If the Compensation Committee determines that, as a result of a change in the business, operations, corporate structure or capital structure of the Company, or the manner in which the Company conducts its business, or any other events or circumstances, the performance factors are no longer suitable, the Compensation Committee may in its discretion and to the extent it deems appropriate modify, change or eliminate such performance factors or the related minimum acceptable level of achievement, in whole or in part, as the Compensation Committee deems appropriate and equitable. In addition, the Compensation Committee shall have the authority to make equitable adjustments to the performance factors, or the method of calculating attainment of the performance factors, in recognition of unusual or non-recurring events affecting the Company or any subsidiary or the financial statements of the Company or any subsidiary in response to or in recognition of changes in applicable laws or regulations, or to account for items of gain, loss, deduction or expense determined to be extraordinary, nonrecurring or unusual in nature or infrequent in occurrence, including, by way of example only, asset write-downs and litigation or claim judgments or settlements, or related to the disposal of a segment of a business or related to a change in accounting principles.


Summary of Calculation of Bonus

Each executive earns points for meeting or exceeding the goals as set forth in the table below. The points assigned reflect the seniority of the executive as well as the anticipated involvement of that executive in achieving the goal.

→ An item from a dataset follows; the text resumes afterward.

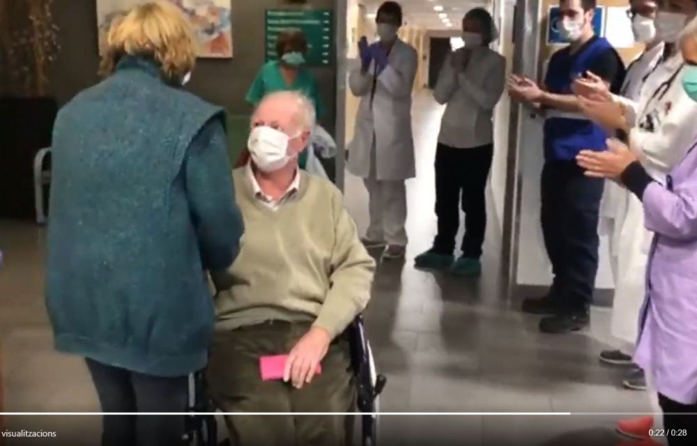 Al vídeo, compartit pel SAAS al seu compte de Twitter, es veu com l’home abandona les dependències sanitàries en cadira de rodes. Segons avança, els professionals mèdics l’aplaudeixen. Escena similar a la que s’ha vist a centres hospitalaris d’altres indrets del món.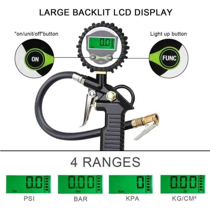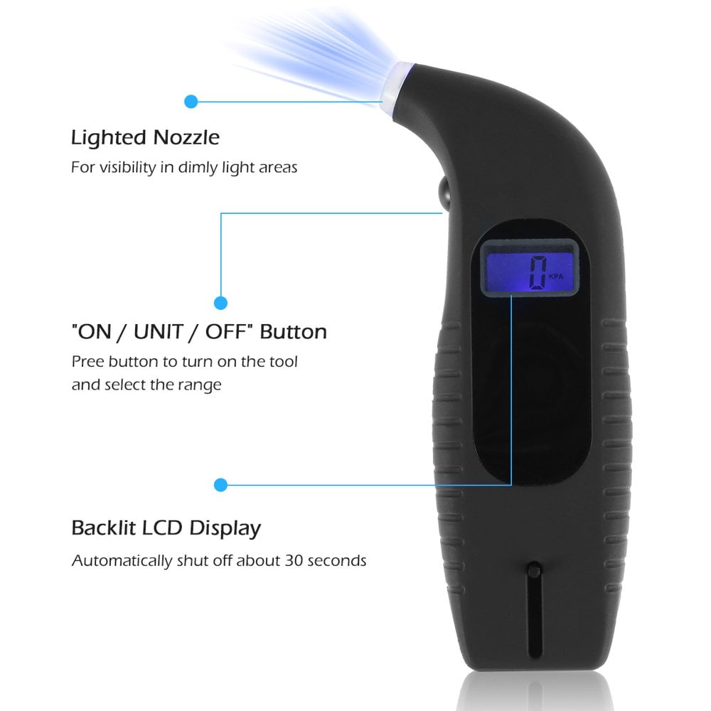 Appuyez fermement pour assurer une bonne étanchéité et empêcher l'air de s'échapper., 2., Maintenez la jauge sur la valve jusqu'à ce que la lecture sur l'écran LCD se verrouille. Affichage Numérique Manomètre Des Pneus Accessoires Automobiles Contrairement aux manom¨¨tres volumineux, il est toujours accessible quand vous avez besoin de v¨¦rifier la pression de vos pneus. Jauge Pression Pneu Psi Kpa Bar Manomètre électronique Numérique De Pression Des Pneus De Voiture, Mini Pile CR2032 Manomètre Spécifications : Type d'article : manomètre de pneu Matériau : ABS + caoutchouc Couleur : jaune Plage de mesure : 5,0-100 psi, 0,35-7,00 bar Précision : ±1 psi Résolution : 0,5 psi Unité : PSI, kPa, Bar Type d'écran : LCD 22 x 12 mm Type de batterie : 1 * CR2032 pour manomètre de pneu, 3 * LR44 pour LED Liste des paquets : 1 * Manomètre de pneu Comment utiliser : 1., Placez la buse de la jauge sur la valve du pneu. L¡¯LED dans la buse renforce la praticit¨¦ la nuit, garantissant une utilisation en toutes situations. 4 pièces - Système de surveillance des pneus, capteur de pression... ¡¾¨¦conomie ¨¦nergie¡¿Dot¨¦ d¡¯un allumage/extinction manuel et d¡¯un extinction automatique (apr¨¨s 20-60 secondes), il ¨¦conomise la batterie (1x CR2032). ¡¾Compact Pratique¡¿De taille compacte et l¨¦ger, il est facile ¨¤ saisir et ¨¤ manipuler. PSI en bar : convertisseur gratuit, formule et tableau La pr¨¦cision de mesure (¡À1 psi) et la r¨¦solution de 0., 5 psi assurent des r¨¦sultats fiables pour un contr?le optimal de la pression. Que ce soit pour des voitures europ¨¦ennes (Bar), am¨¦ricaines (PSI) ou asiatiques (kPa), il s¡¯adapte ¨¤ vos besoins. Il tient facilement dans la main ou dans une poche de voiture, sans encombrer. [Poignée antidérapante pour une utilisation sûre] La poignée en caoutchouc offre une prise sûre et confortable pendant le fonctionnement [Lecture facile avec écran LCD rétroéclairé] L'écran rétroéclairé garantit des lectures claires et précises pour une évaluation rapide [Compact et conception légère] Facile à saisir et à utiliser, idéal pour des contrôles de pression des pneus sans tracas [Mesure précise en trois unités] Mesurez le psi, le kpa et la barre avec précision pour une surveillance précise [Économie d'énergie avec Arrêt automatique] Fonction marche/arrêt manuelle et arrêt automatique pour économiser de l'énergie Spécifications : Caractéristiques : 1., Écran LCD rétroéclairé pour une lecture facile, plus intuitive et précise., 2., Trois unités : PSI, kPa, Bar, mesure précise et commutation précise., 3., Taille compacte et légère, facile à saisir et à utiliser., 4., Conception de poignée en caoutchouc antidérapante, bonne sensation de main, utilisation sûre., 5., Mise sous/hors tension manuelle et arrêt automatique pour économiser de l'énergie., 6., La lumière LED à l'intérieur de la buse du manomètre, pratique pour une utilisation nocturne. Cette conception ¨¦vite les glissements pendant l¡¯utilisation, renfor?ant la s¨¦curit¨¦ et la pr¨¦cision des mesures.

Executive Management: Scott Silverman, William Caragol and Michael Feder

 

     Silverman    Caragol    Feder

Consolidated revenue of $32.0 million for 2007

   3    2    0.5

Consolidated revenue of $33.6 million for 2007

   1    1    1

Consolidated revenue of $35.2 million for 2007

   1    1    1

Implantable revenue of $250 thousand for 2007

   1    0.5    0.5

Implantable revenue of $500 thousand for 2007

   1    0.5    0.5

Implantable revenue of $750 thousand for 2007

   1    0.5    0.5

Implantable revenue of $1.0 million for 2007

   1    0.5    0.5

Implantable revenue of $2.5 million for 2007

         1

December 31, 2007 common stock price in excess of IPO price

   2    0.67   

December 31, 2007 common stock price 25% in excess of IPO price

   1    0.33   

Total cash at December 31, 2007 of $8.5 million

   1    1   

Strategic partnership and distribution agreements (other than Henry Schein)

   1    0.5    1

Strategic acquisition

   1    0.5   

EBITDA of Canadian operations of $4.8 million

   2    1   

SOX 404 and audit opinion without material deficiencies

   1    1   

VeriMed hospitals in network of 800 at December 31, 2007 and protocol adopted hospitals of 200 at December 31, 2007

   1    0.5    2

Analyst coverage by three equity research analysts

   2    1   

Discretionary by the Compensation Committee

   Up to 10 pts.    Up to 5 pts.    Up to 2 pts.

TOTAL POINT POTENTIAL

   31 pts.    17.5 pts.    10.5 pts.

All amounts above are in U.S. dollars.

Point Value -

U.S.$50,000 for each point

Notes:

 

  1. No executive can earn more than 100% of points listed for that item.

 

  2. Revenue based points are incremental at each new level. For example, for Mr. Silverman’s point accumulation – at $34 million of consolidated revenue 4 points are earned (3 points for $32 million, plus 1 point for reaching $33.6 million)

 

  3. EBITDA is determined after giving effect to Canadian management bonuses, but before the impact of any bonus to the CEO of VeriChip Corporation, a Canadian corporation.

 

  4. The year end stock price shall be calculated based on the average of the ending price on the last twenty trading days of the year.

Pursuant to this Plan, any bonus shall be deemed earned on December 31, 2007, and the Company shall makes its best effort to pay such bonus within sixty days of year end.